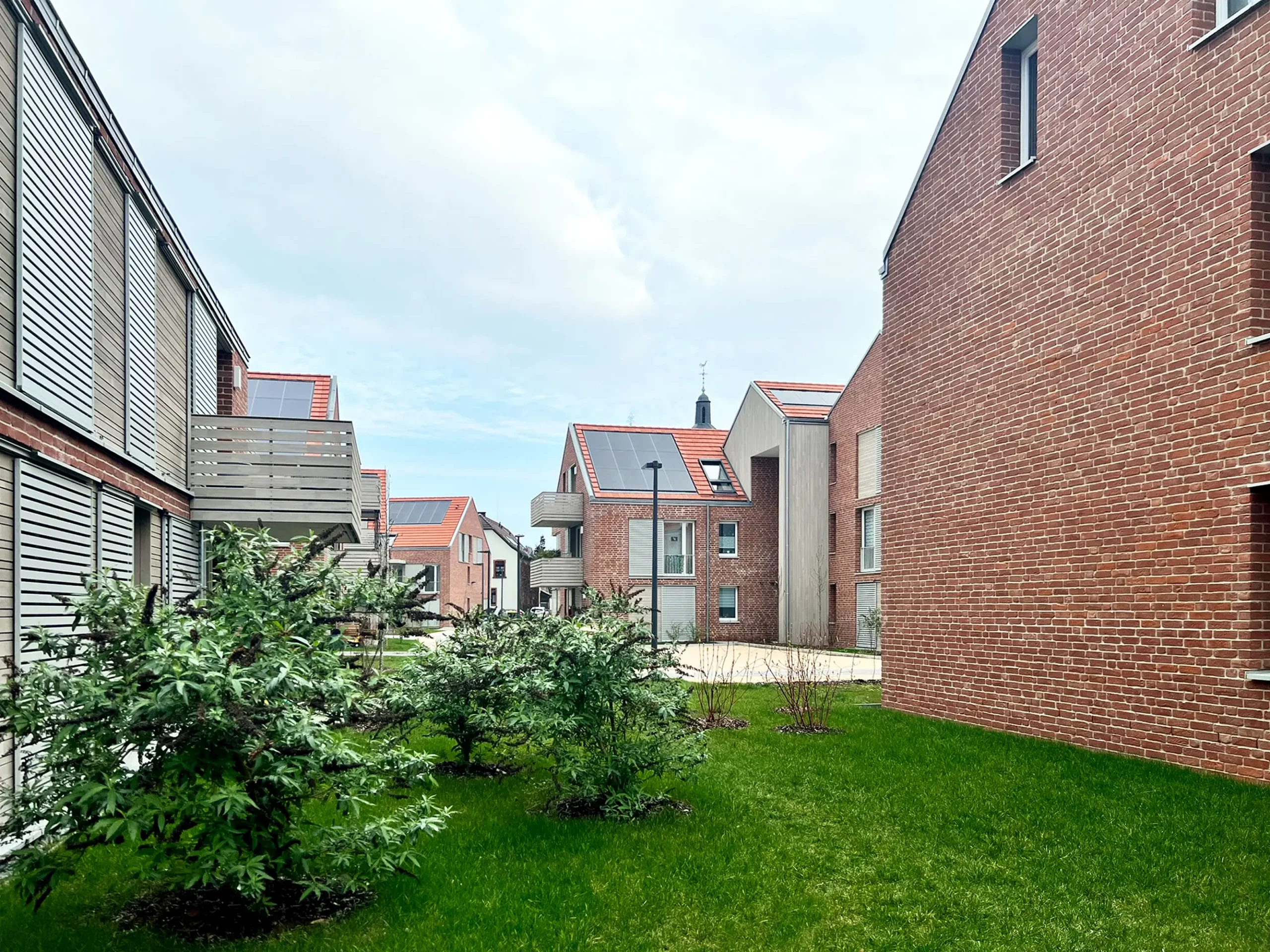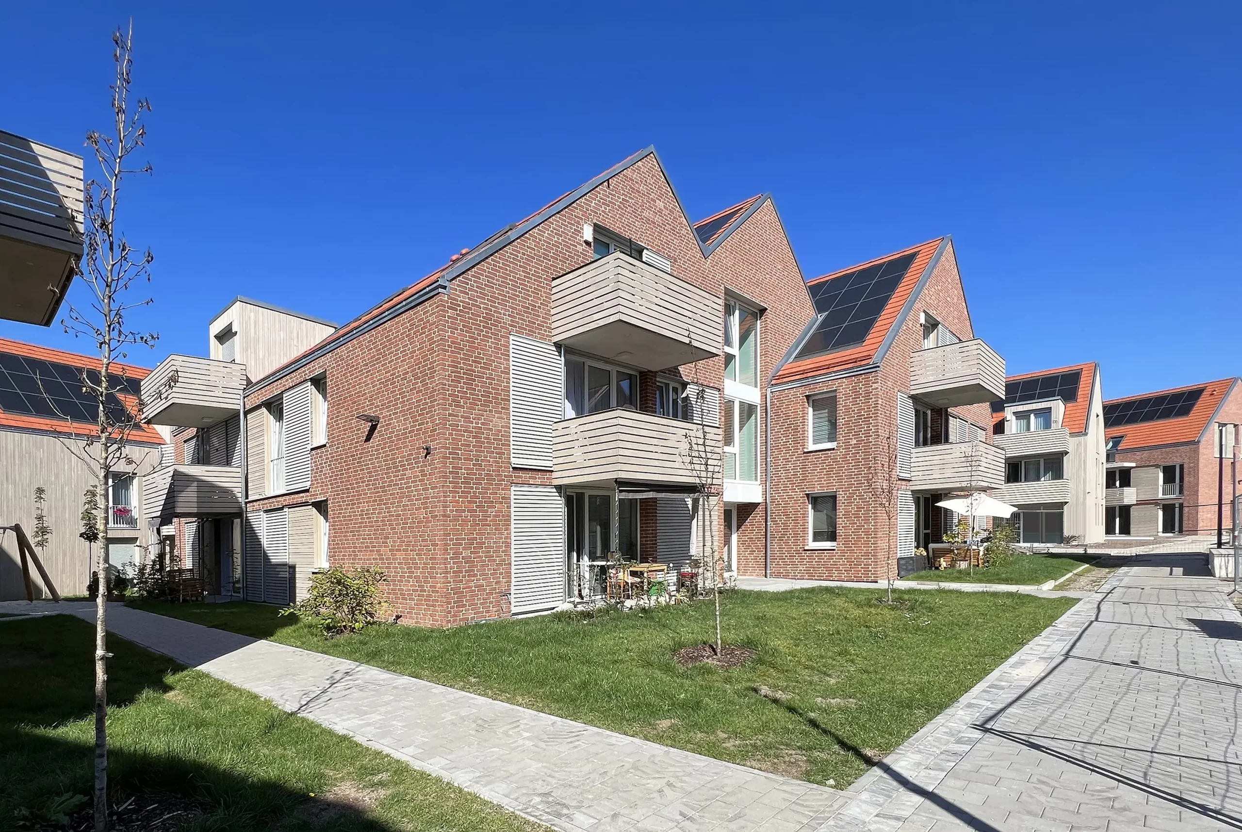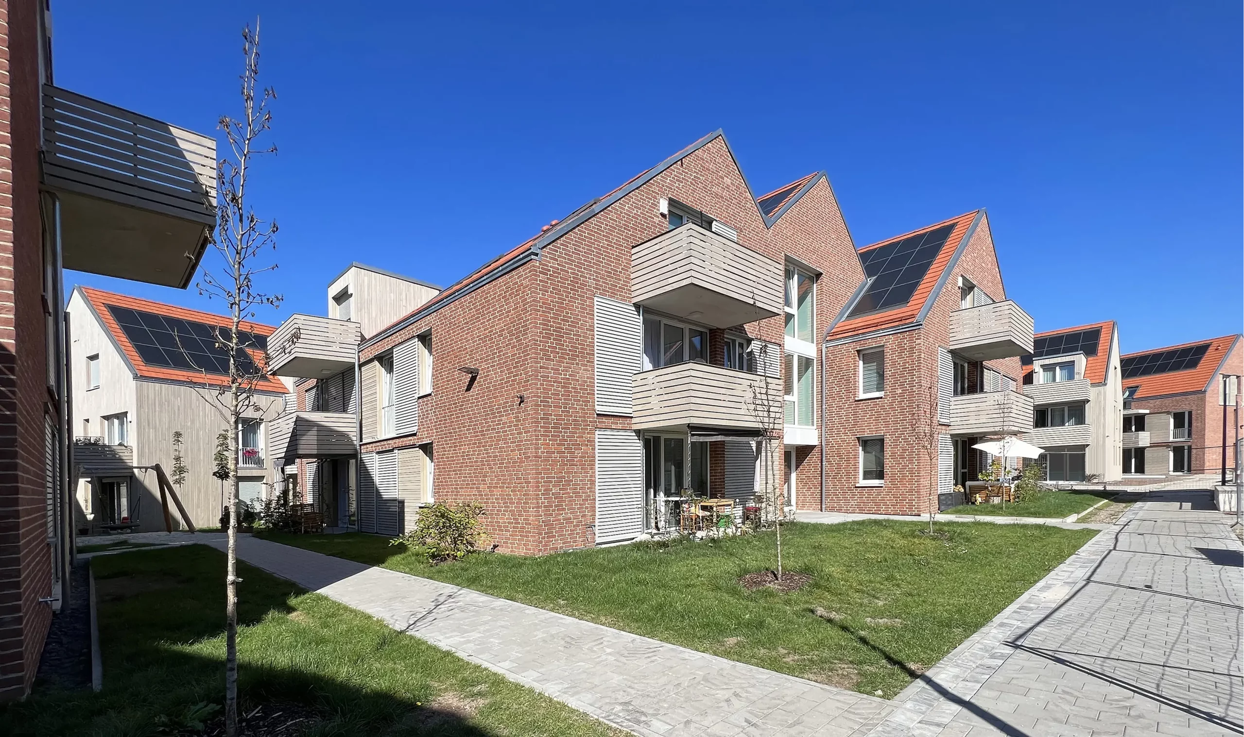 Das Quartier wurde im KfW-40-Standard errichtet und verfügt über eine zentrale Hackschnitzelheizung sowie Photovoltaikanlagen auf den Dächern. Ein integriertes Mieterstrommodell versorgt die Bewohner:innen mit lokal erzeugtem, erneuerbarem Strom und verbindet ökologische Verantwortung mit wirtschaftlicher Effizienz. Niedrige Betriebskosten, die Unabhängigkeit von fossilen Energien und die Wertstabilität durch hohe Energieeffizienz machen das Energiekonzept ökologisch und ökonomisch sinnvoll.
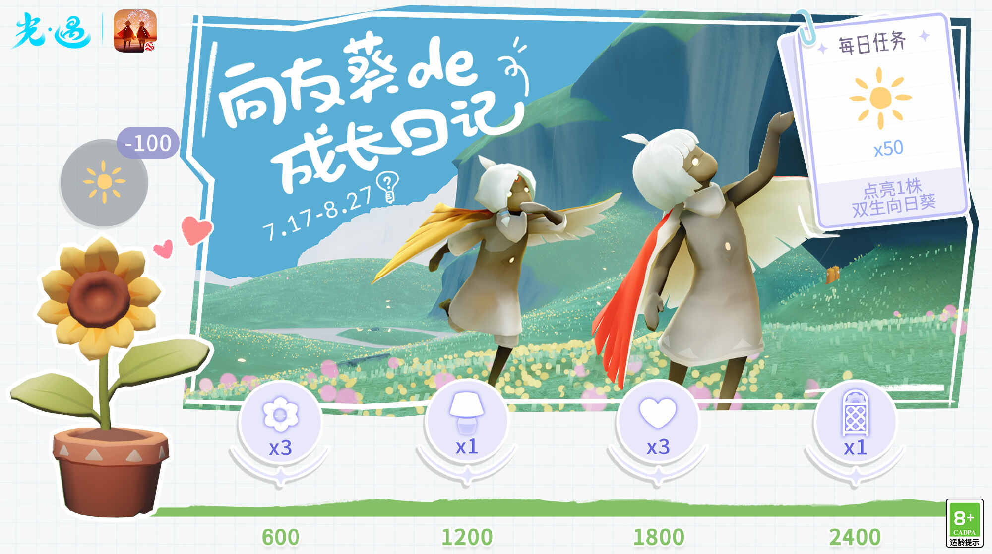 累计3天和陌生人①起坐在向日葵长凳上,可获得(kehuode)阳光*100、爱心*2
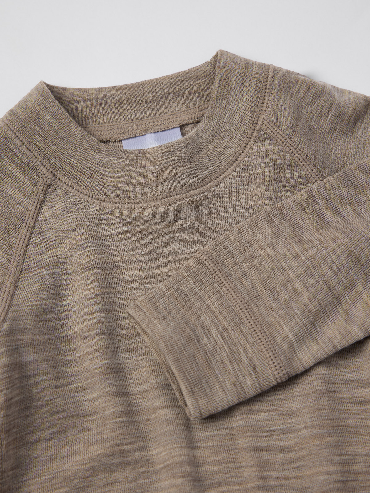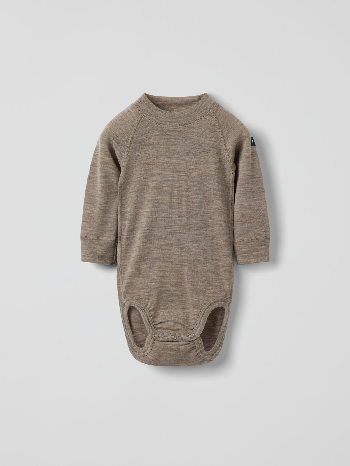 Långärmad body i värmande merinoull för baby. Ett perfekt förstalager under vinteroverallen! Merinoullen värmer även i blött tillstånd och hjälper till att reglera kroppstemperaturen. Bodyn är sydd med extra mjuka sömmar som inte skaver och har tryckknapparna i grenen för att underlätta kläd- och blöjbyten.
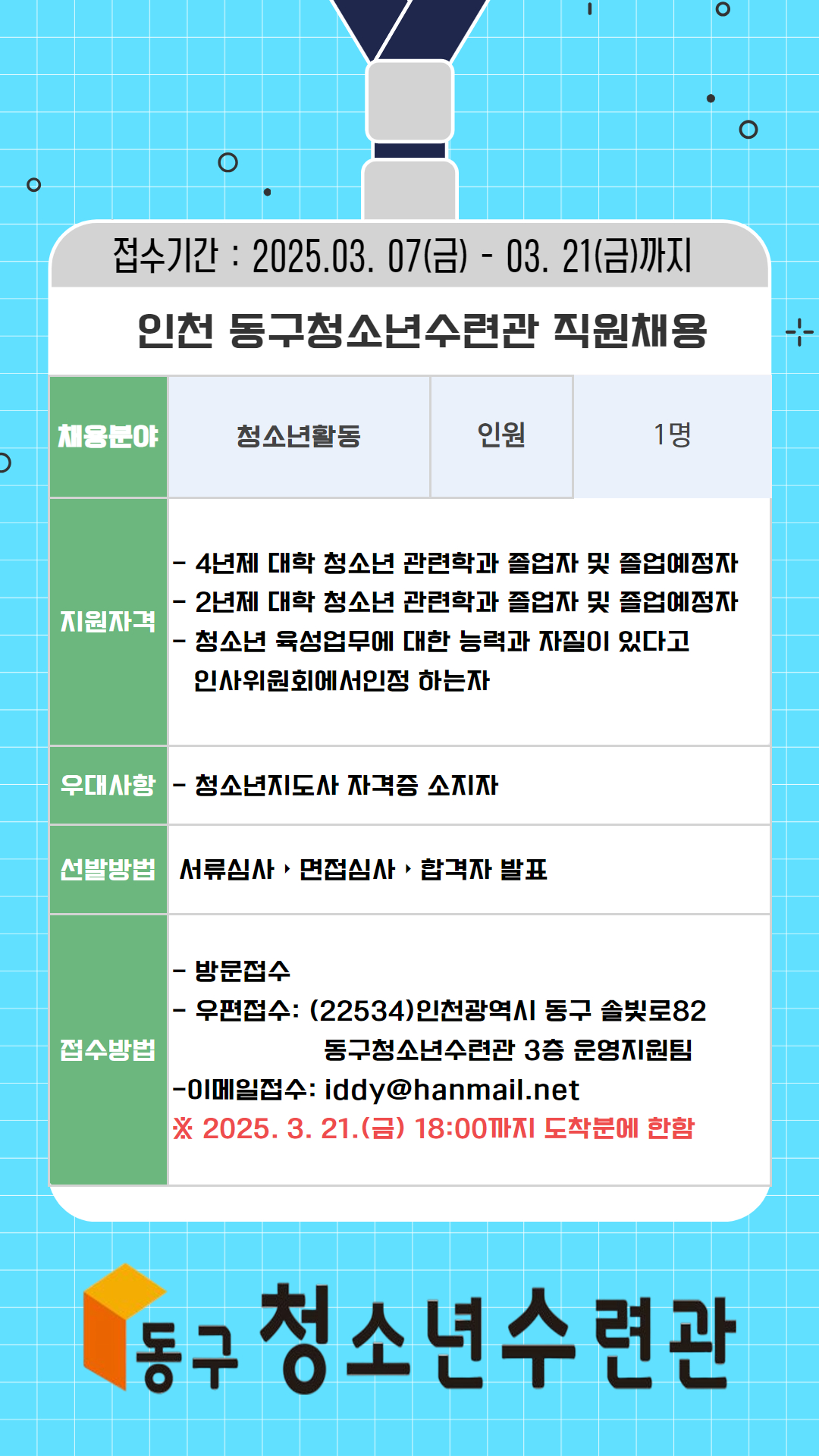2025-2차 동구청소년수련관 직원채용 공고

Exercise brief:
An exact retyping of the material, minus the pictures, is the required answer.

Exercise answer:
 Das Quartier wurde im KfW-40-Standard errichtet und verfügt über eine zentrale Hackschnitzelheizung sowie Photovoltaikanlagen auf den Dächern. Ein integriertes Mieterstrommodell versorgt die Bewohner:innen mit lokal erzeugtem, erneuerbarem Strom und verbindet ökologische Verantwortung mit wirtschaftlicher Effizienz. Niedrige Betriebskosten, die Unabhängigkeit von fossilen Energien und die Wertstabilität durch hohe Energieeffizienz machen das Energiekonzept ökologisch und ökonomisch sinnvoll.
 累计3天和陌生人①起坐在向日葵长凳上,可获得(kehuode)阳光*100、爱心*2
 Långärmad body i värmande merinoull för baby. Ett perfekt förstalager under vinteroverallen! Merinoullen värmer även i blött tillstånd och hjälper till att reglera kroppstemperaturen. Bodyn är sydd med extra mjuka sömmar som inte skaver och har tryckknapparna i grenen för att underlätta kläd- och blöjbyten.
2025-2차 동구청소년수련관 직원채용 공고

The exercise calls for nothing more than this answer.